> _Exercise_:
When you reach the line below that has "Також вже декілька", start returning lines exactly, and stop after the line that has "La solució és"; skip the pictures.

> _Provided records_:

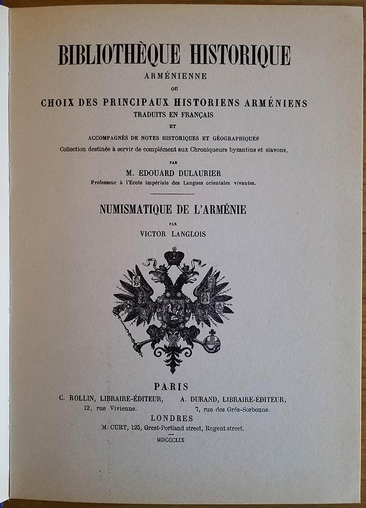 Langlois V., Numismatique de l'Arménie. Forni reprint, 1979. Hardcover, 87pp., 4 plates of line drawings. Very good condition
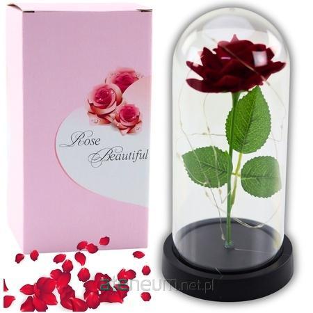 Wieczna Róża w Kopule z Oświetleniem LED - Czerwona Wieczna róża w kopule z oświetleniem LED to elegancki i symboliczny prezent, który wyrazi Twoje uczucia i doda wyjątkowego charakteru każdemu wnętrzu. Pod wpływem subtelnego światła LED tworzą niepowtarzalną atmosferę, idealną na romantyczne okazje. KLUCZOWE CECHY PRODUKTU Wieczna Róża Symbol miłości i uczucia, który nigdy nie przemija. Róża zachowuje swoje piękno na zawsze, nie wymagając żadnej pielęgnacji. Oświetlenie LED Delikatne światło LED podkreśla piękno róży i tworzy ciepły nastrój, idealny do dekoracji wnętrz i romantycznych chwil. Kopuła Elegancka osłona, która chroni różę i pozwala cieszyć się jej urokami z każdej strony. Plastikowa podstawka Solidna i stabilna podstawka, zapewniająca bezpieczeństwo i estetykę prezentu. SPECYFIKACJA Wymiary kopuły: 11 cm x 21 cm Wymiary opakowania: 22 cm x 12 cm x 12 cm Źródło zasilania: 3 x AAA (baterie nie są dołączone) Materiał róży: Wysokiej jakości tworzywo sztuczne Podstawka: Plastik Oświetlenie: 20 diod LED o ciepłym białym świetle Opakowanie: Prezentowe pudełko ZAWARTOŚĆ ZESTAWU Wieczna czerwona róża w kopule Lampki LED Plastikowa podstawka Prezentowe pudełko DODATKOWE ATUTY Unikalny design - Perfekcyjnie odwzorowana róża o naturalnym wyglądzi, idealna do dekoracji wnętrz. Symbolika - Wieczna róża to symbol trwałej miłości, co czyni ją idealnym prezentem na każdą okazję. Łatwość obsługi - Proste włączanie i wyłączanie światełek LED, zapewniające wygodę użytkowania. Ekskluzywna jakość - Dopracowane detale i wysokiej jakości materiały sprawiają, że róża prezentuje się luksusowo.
--
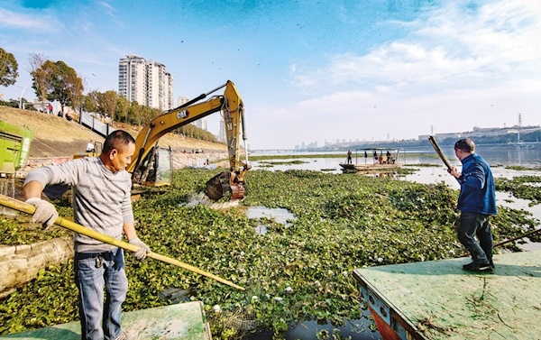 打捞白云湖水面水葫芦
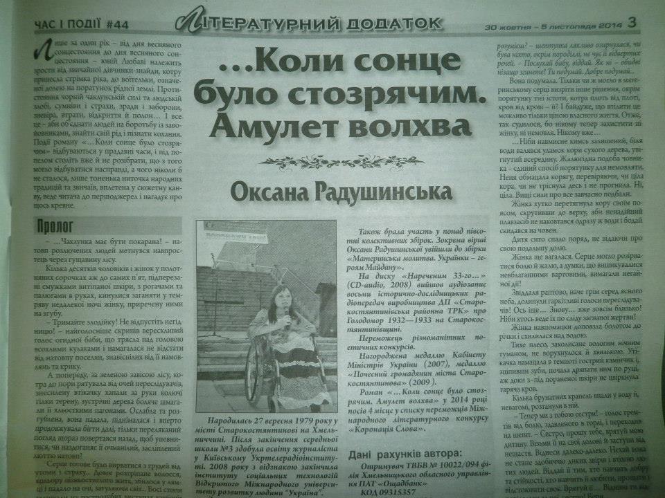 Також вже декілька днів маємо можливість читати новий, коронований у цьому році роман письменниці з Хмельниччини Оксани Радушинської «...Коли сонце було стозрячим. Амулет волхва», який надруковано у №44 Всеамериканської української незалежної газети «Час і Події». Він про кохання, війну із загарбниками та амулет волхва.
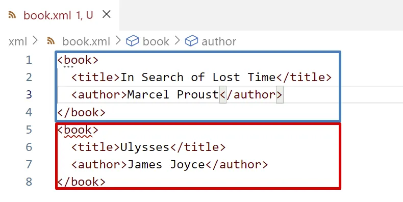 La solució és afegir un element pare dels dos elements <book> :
==
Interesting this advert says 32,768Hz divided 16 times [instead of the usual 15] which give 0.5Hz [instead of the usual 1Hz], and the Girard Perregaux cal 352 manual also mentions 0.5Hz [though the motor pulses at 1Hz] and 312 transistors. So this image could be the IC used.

> _The answer_:
 Також вже декілька днів маємо можливість читати новий, коронований у цьому році роман письменниці з Хмельниччини Оксани Радушинської «...Коли сонце було стозрячим. Амулет волхва», який надруковано у №44 Всеамериканської української незалежної газети «Час і Події». Він про кохання, війну із загарбниками та амулет волхва.
 La solució és afegir un element pare dels dos elements <book> :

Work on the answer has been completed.